The problem. Set the data down again, exactly as it reads, but without the pictures.

Stored data.
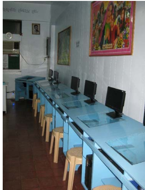
Abbildung 9 : Computerraum
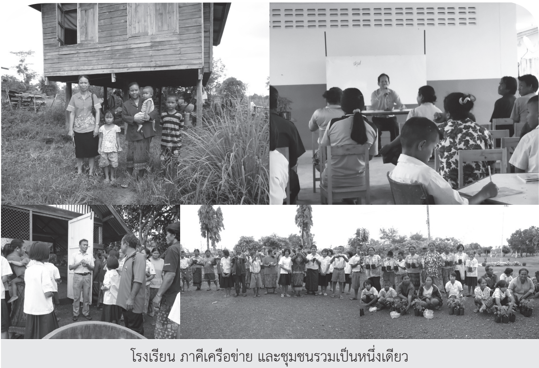
โรงเรียน ภาศิเครื่องช่าย และชุมชนรวมเป็นหนึ่งเดียว

คนในหมู่บ้านที่เป็นเขตบริการของโรงเรียนมีความรู้สึกเชิงบวกต่อโรงเรียน เนื่องจากเห็นได้ชัดเจนว่าโรงเรียนตั้งใจสอนลูกหลานของตนเองให้มีความรู้ในทางวิชาการ มีทักษะชีวิตที่เหมาะสมกับสภาพท้องถิ่น มีผลการสอบระดับชาติดี คนในชุมชนไม่มีทัศนคติเชิงลบว่าเขาส่งลูกหลานมาเรียนหนังสือ ไม่ใช่ให้มาขุดดิน เลี้ยงสัตว์ หากแต่เห็นด้วยกับวิธีการสอนนักเรียน ความสัมพันธ์แบบมิตรจิตมิตรใจนี้เห็นได้จากที่เจ้าหน้าที่จากกรมปศุสัตว์ยกตัวอย่างให้ฟังว่า “โรงเรียนแบ่งสัตว์เลี้ยงให้ชาวบ้านไปเลี้ยงที่บ้าน ชาวบ้านก็นำพันธุ์พืชดีๆมาให้โรงเรียน เป็นการแลกเปลี่ยนกัน”
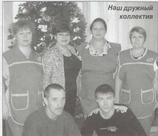
Наш дружный коллектив
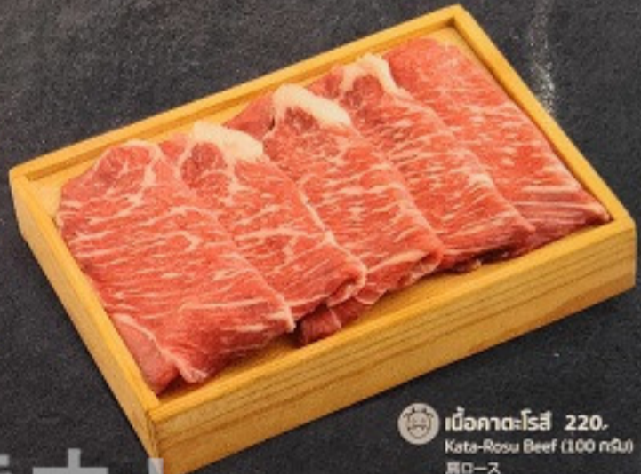
เนื้อกาทะโรสุ 220. Kata-Rosu Beef (100 กรัม) 肩ロース
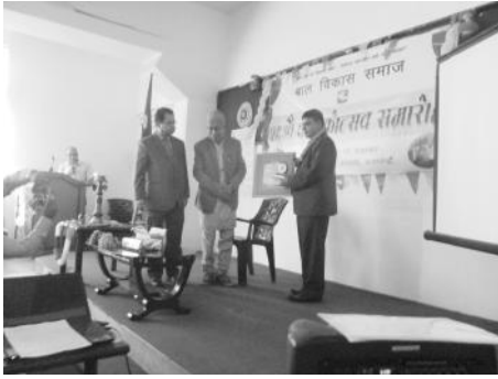
प्रमुख अतिथिबाट सम्मान ग्रहण गर्दै संस्थाका कर्मचारी
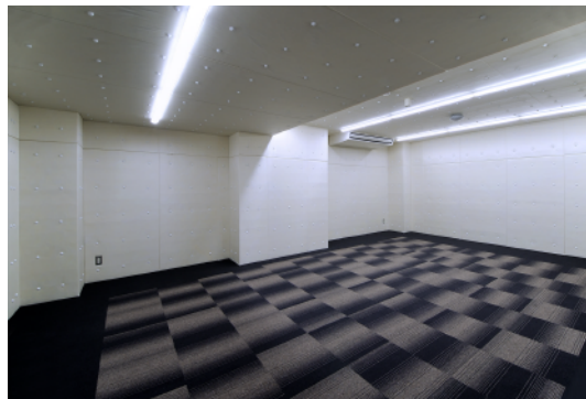
スタジオ 2 / Studio 2

Answer space.
Abbildung 9 : Computerraum
โรงเรียน ภาศิเครื่องช่าย และชุมชนรวมเป็นหนึ่งเดียว

คนในหมู่บ้านที่เป็นเขตบริการของโรงเรียนมีความรู้สึกเชิงบวกต่อโรงเรียน เนื่องจากเห็นได้ชัดเจนว่าโรงเรียนตั้งใจสอนลูกหลานของตนเองให้มีความรู้ในทางวิชาการ มีทักษะชีวิตที่เหมาะสมกับสภาพท้องถิ่น มีผลการสอบระดับชาติดี คนในชุมชนไม่มีทัศนคติเชิงลบว่าเขาส่งลูกหลานมาเรียนหนังสือ ไม่ใช่ให้มาขุดดิน เลี้ยงสัตว์ หากแต่เห็นด้วยกับวิธีการสอนนักเรียน ความสัมพันธ์แบบมิตรจิตมิตรใจนี้เห็นได้จากที่เจ้าหน้าที่จากกรมปศุสัตว์ยกตัวอย่างให้ฟังว่า “โรงเรียนแบ่งสัตว์เลี้ยงให้ชาวบ้านไปเลี้ยงที่บ้าน ชาวบ้านก็นำพันธุ์พืชดีๆมาให้โรงเรียน เป็นการแลกเปลี่ยนกัน”
Наш дружный коллектив
เนื้อกาทะโรสุ 220. Kata-Rosu Beef (100 กรัม) 肩ロース
प्रमुख अतिथिबाट सम्मान ग्रहण गर्दै संस्थाका कर्मचारी
スタジオ 2 / Studio 2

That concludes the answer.